PAYROLL TAX DEFERRAL – What is it, and what are the possible ramifications?

Author: Fresh Start Tax Relief Services | | Categories: Filing Tax Returns , Installment Agreement , IRS Payment Plan , Licensed Tax Agents , Offer in Compromise , Penalty Abatement , Penalty Waiver , Tax Audit , Tax Debt , Tax Filing , Tax Help , Tax Liability , Tax Relief , Tax Resolution , Tax Settlement , Women Owned Business

PAYROLL TAX DEFERRAL – EFFECTIVE SEPTEMBER 1, 2020 THRU DECEMBER 31, 2020

What is this new executive order that has come into play most recently regarding a payroll tax deferment and what does it mean for the taxpayer?

Payroll Tax Deferral is deferring the 6.2% of taxes that an employer withholds from his/her employee’s paycheck, which is then deposited into the social security fund. This will only apply to employees who are making less than $4,000 in a bi-weekly period.

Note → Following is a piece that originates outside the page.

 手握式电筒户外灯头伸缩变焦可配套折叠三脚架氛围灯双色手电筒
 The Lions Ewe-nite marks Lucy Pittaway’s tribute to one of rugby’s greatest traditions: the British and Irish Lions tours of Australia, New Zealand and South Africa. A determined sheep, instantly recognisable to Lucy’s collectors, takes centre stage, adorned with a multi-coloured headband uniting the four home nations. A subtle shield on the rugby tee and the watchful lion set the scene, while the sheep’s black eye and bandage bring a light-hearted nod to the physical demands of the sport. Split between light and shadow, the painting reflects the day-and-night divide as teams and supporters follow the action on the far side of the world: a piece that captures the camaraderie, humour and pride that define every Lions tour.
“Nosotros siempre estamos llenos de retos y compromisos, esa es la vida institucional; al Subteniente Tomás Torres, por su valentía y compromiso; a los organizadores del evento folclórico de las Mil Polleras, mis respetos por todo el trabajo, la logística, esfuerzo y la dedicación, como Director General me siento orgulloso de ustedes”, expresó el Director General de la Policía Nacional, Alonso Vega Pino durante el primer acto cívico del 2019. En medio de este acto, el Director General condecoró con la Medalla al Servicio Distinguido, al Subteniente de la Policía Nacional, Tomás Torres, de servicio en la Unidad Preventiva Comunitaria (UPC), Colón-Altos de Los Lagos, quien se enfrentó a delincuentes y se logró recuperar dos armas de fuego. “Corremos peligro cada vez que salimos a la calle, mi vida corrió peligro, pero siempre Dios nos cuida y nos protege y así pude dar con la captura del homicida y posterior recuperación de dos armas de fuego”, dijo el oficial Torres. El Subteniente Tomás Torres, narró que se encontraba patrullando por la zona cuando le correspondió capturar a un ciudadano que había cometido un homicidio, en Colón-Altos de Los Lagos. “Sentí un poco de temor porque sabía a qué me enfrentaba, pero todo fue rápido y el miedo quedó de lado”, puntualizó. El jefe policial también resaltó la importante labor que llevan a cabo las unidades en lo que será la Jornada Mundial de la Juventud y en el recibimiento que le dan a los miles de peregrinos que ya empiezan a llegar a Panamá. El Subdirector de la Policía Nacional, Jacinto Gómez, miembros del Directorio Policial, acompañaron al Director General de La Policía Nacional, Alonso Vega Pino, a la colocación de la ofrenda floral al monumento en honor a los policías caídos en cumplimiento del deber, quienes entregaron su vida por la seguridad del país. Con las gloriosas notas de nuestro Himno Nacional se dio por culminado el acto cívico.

This sounds great at the onset, because it puts more money in the wage earners’ pocket, but deferral does not mean exempt. It can have bad repercussions in the long run. Someone making $35,000 a year faces owing the IRS $751. Will that taxpayer be able to pay that back? If the taxpayer cannot pay the tax back when it is due, they will face penalties and interest which can accumulate very quickly.

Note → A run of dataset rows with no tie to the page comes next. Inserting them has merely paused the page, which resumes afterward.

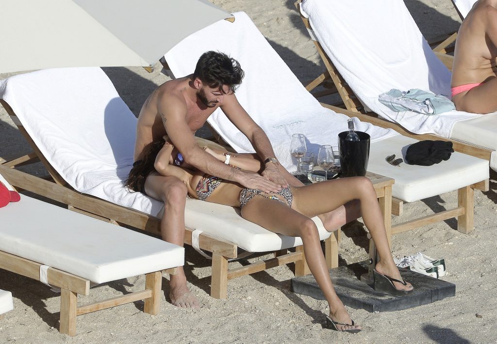 La star de télé-réalité française, Nabilla Benattia, seins nus à la plage aux cotés de son petit ami Thomas Vergara§Instagram: https://instagram.com/nabillanew).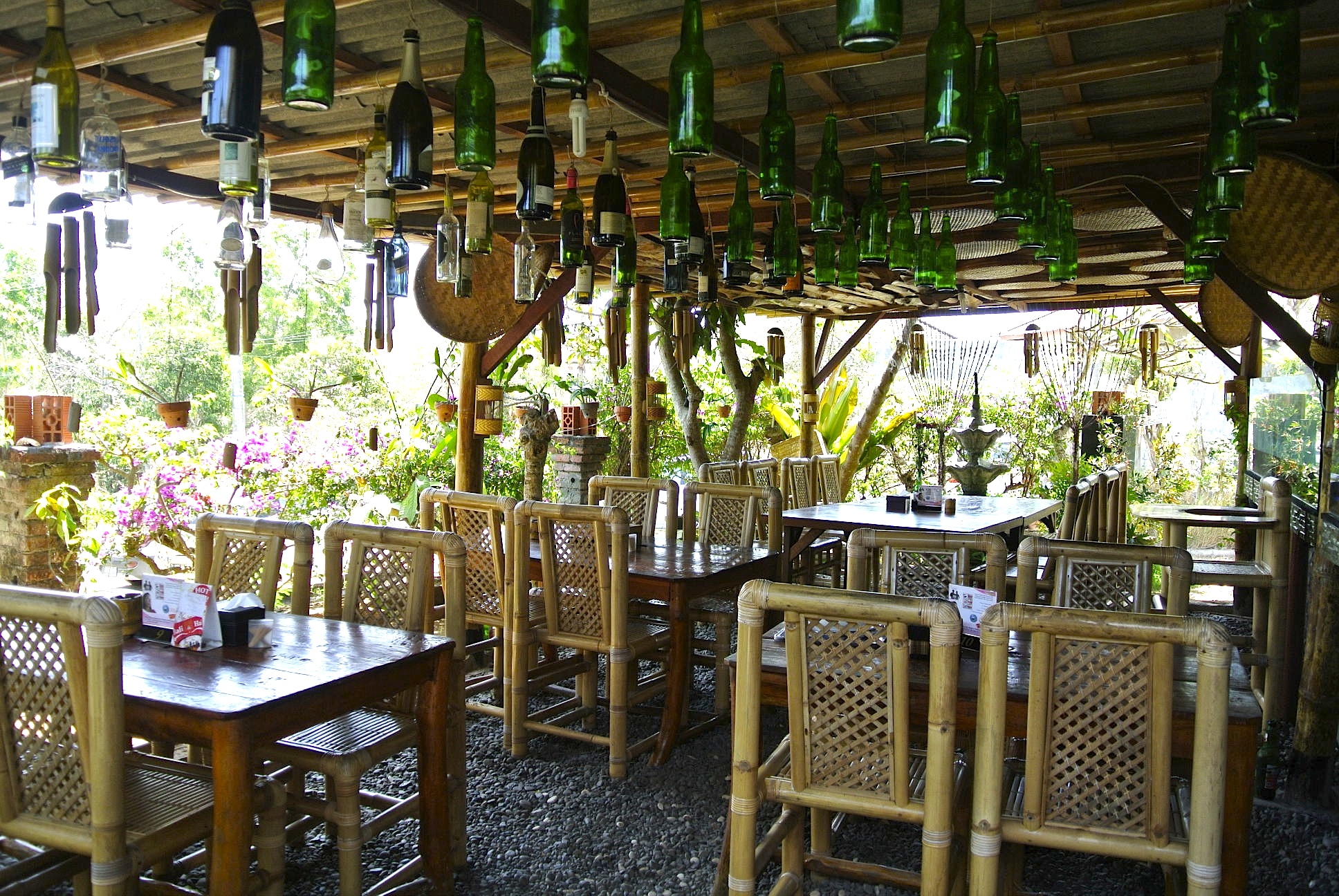 瓶がたくさんぶら下がってる。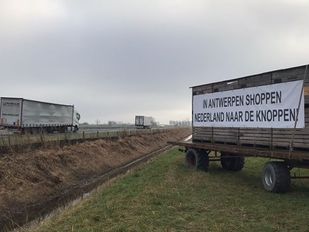 · Met het spandoek neemt Niels het op voor zijn collega-winkeliers en mensen met een horecazaak. "Ik laat hem zeker tot vrijdag hangen."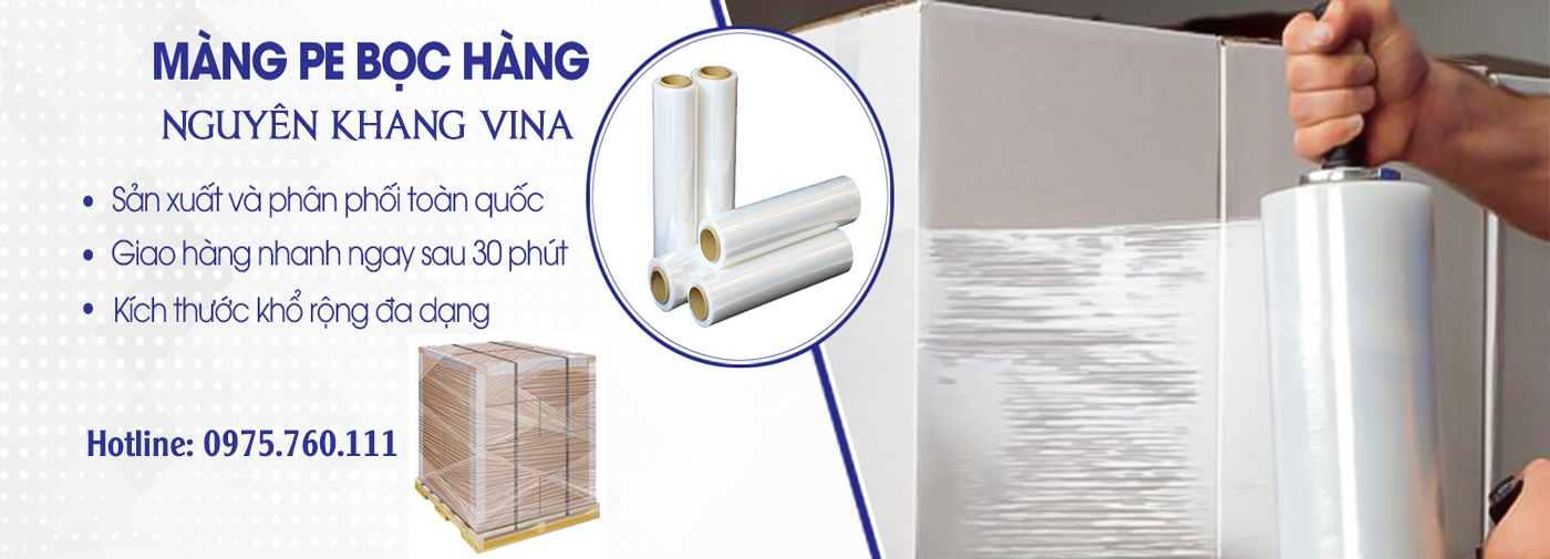 CÔNG TY TNHH SX VÀ TM NGUYÊN KHANG VINA Chuyên sản xuất Băng Dính, Màng PE, Túi PE , Dây Đai các loại vật tư phụ trợ đóng gói. Luôn để chất lượng sản phẩm lên hàng đầu và giá cả cực kỳ cạnh tranh.

Let’s look at the employer’s potential risk as well. Employers are responsible for withholding taxes from their employees’ paychecks and sending it to the government in the form of payroll tax. What if an employee decides to quit before the payroll tax gets repaid? Would the employee be responsible for paying it back or would the employer? Employers are responsible to withhold and pay payroll taxes between January 1 and April 30 or else face penalties and interest. This is a quandary that employers are facing not to mention the potential administrative nightmare.